The diocese said the information would be published in the directory, but that it should be noted that “collections from parishes will not be used for adoption work at all but rather for services which are in no way affected by, or related to, the recent sexual equality legislation.”
 
“Of course, the ‘separate fund’ idea is no reassurance at all,” the source said. “As far as I am aware, we do not have any other collections for non-Catholic charities.” He told LifeSiteNews.com that it is standard practice for many organisations with both charitable and political activist arms do this to protect their charitable status. “But they all know that the money given to the charity section frees up funds from the political arm. That’s how it works.”

In June this year, the Catholic Children’s Society of the three southern dioceses of Southwark, Arundel and Brighton, and Portsmouth told LifeSiteNews.com that it did not consider itself a religious body. “We are a social care agency, not a ministry of the Catholic Church,” a spokesman said.

Nevertheless, the Society, that was founded by the Catholic Church in 1887, is registered with the British government’s Charity Commission as a religious body.

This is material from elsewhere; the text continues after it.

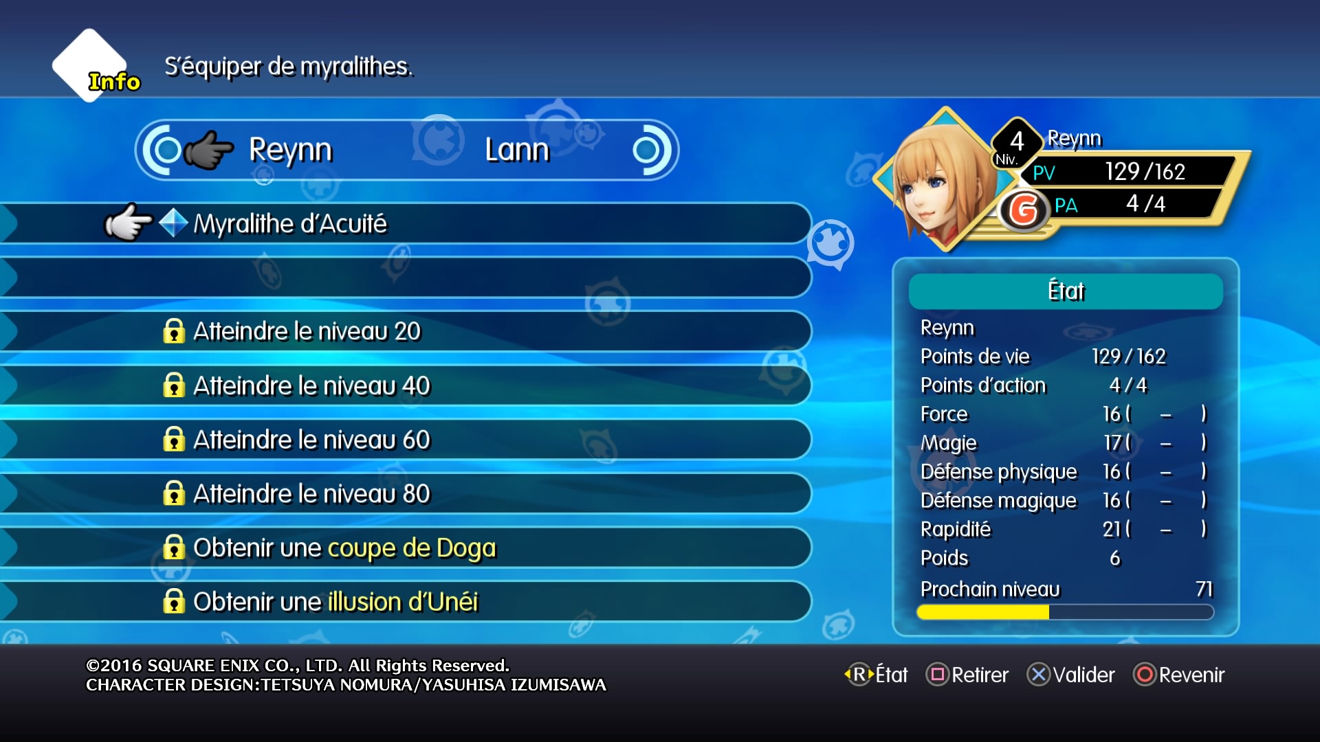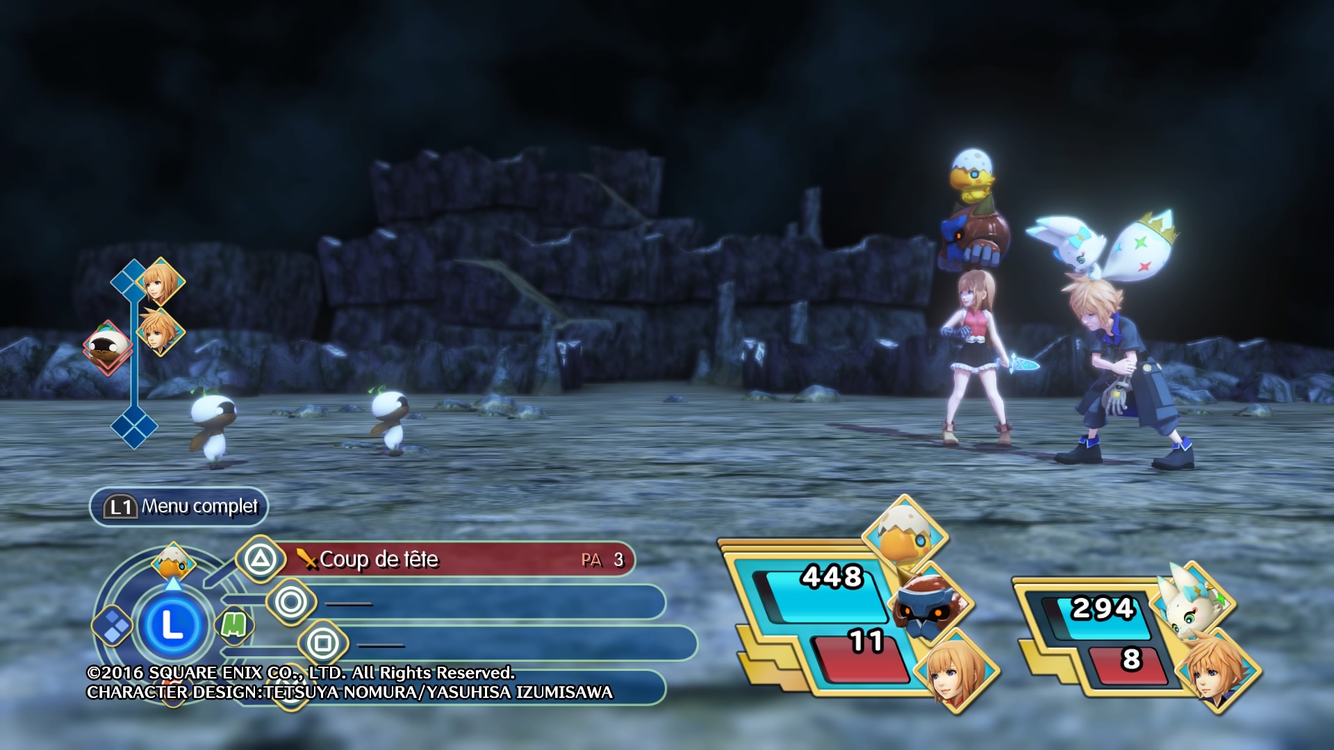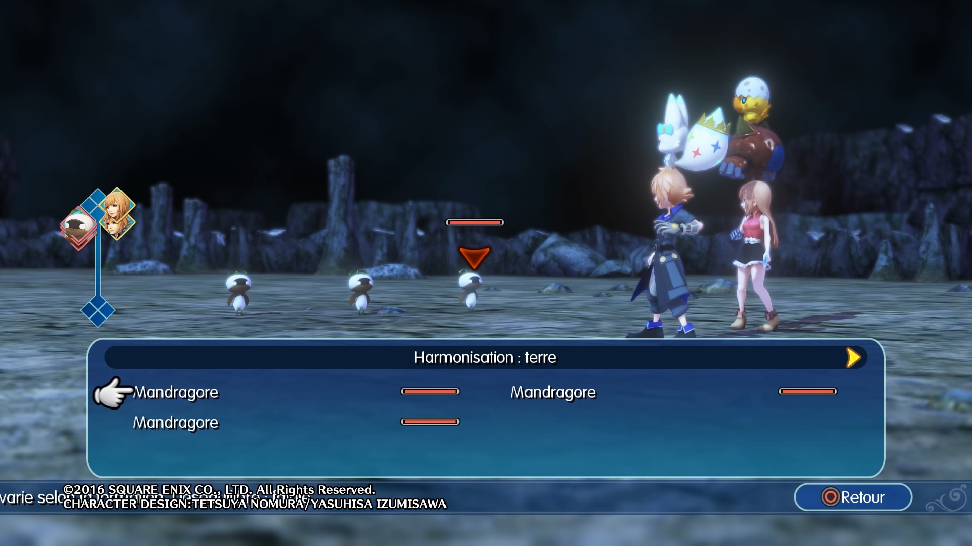 Mais en creusant un peu, on s’aperçoit que ce spin-off a bien plus à offrir que des personnages attachants et un monde coloré dans lequel des évènements relativement graves dans les faits prennent une ampleur bien moindre. En marge du système de combat qui ne dépaysera pas les initiés des opus postérieurs à l’épisode X, se trouve l’essence même de ce World of Final Fantasy. Et c’est probablement ce qui risque fort de séduire et d’accrocher les joueurs. En effet, en passant par le menu de formation, il est possible de créer des pyramides constituées d’un de nos deux héros et de 2 Myrages maximum. Les statistiques de PV, PA, Force, Défense etc, son additionnées et permettent donc de palier aux faiblesses de certaines de nos unités. Et puisque l’on peu défaire et refaire ses pyramides autant que bon nous semble en combat, cela offre une certaine adaptabilité au joueur.

This means, said Neil Addison, a Catholic barrister and expert in religious discrimination law, that Catholics who have donated to them, or any of the others who have opted to secularise, are in a good legal position to sue them for misappropriating assets donated in good faith for religious purposes.

Addison said, “I don’t think an agency has the legal right to abandon its religious nature. People have given money with the legal assumption that it is a Catholic, religious agency.”

“They’re misusing charitable funds that have been given to them on the assumption that it will be used in accordance with Catholic teaching,” he added.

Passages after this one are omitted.